## Prompt
The output must be exactly the lines from the "Преграждающие планки-антипаника предназначены" line through the end of the listing below, with no picture included.
Dataset content Block Start
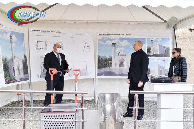Azərbaycan Respublikasının Prezidenti İlham Əliyev və Birinci vitse-prezident Mehriban Əliyeva Tərtər rayonunun Suqovuşan qəsəbəsində yeni tikiləcək məscidin təməlini qoyublar.
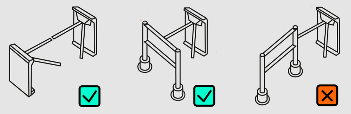 Преграждающие планки-антипаника предназначены для оперативного освобождения прохода в качестве дополнительной меры по обеспечению эвакуации, а также для проноса крупногабаритного груза. Рекомендуется кратковременная эксплуатация турникета при открытом положение преграждающих планок.
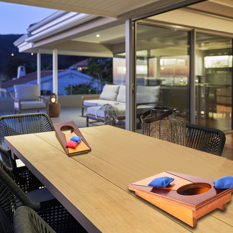 - APPLICABLE: The mini cornhole set is a perfect fit played on tabletops, desktops, and dining tables.
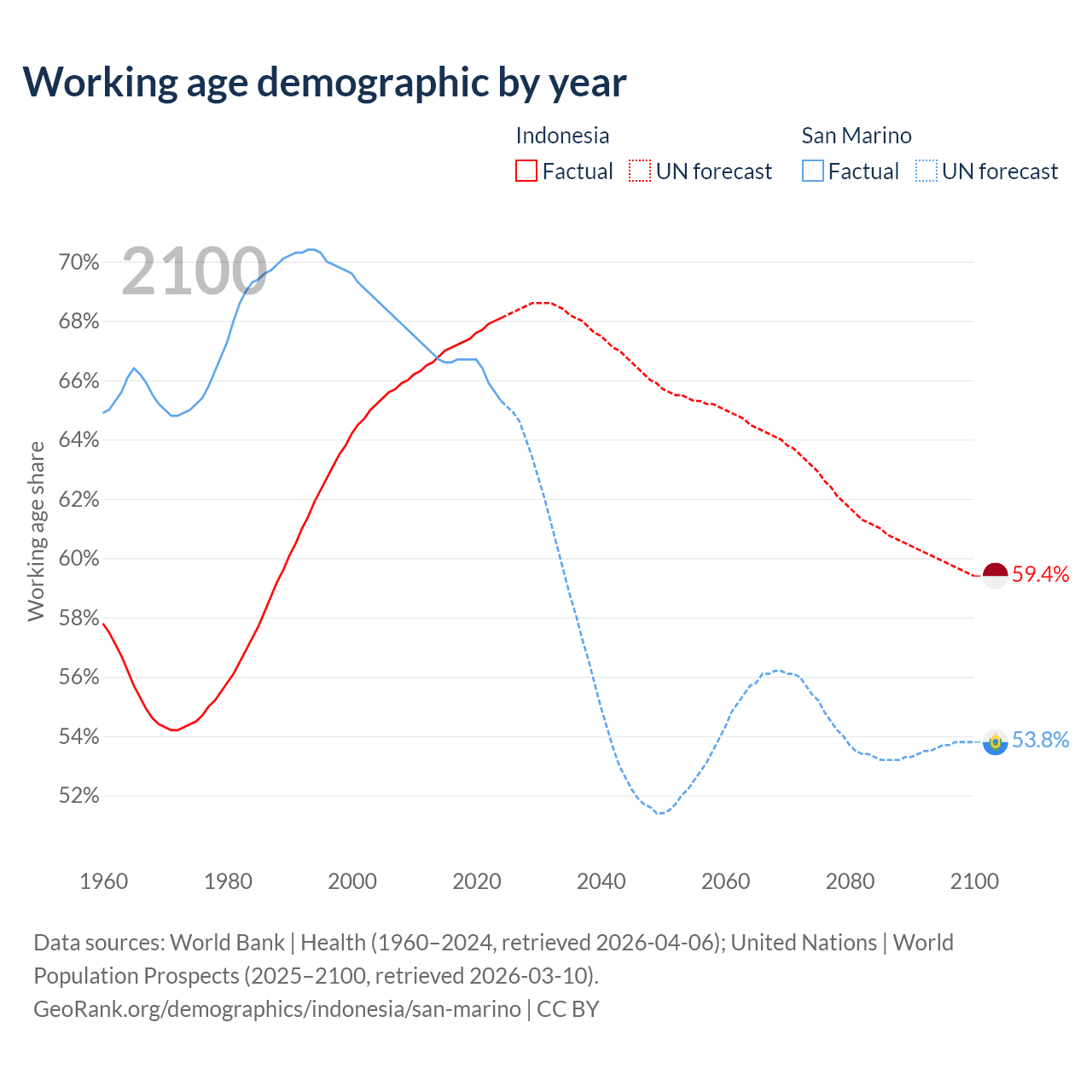 - Indonesia has 197M working age adults (aged 15-64) vs 22.2K in San Marino.
Dataset content Block End
## Answer section
 Преграждающие планки-антипаника предназначены для оперативного освобождения прохода в качестве дополнительной меры по обеспечению эвакуации, а также для проноса крупногабаритного груза. Рекомендуется кратковременная эксплуатация турникета при открытом положение преграждающих планок.
 - APPLICABLE: The mini cornhole set is a perfect fit played on tabletops, desktops, and dining tables.
 - Indonesia has 197M working age adults (aged 15-64) vs 22.2K in San Marino.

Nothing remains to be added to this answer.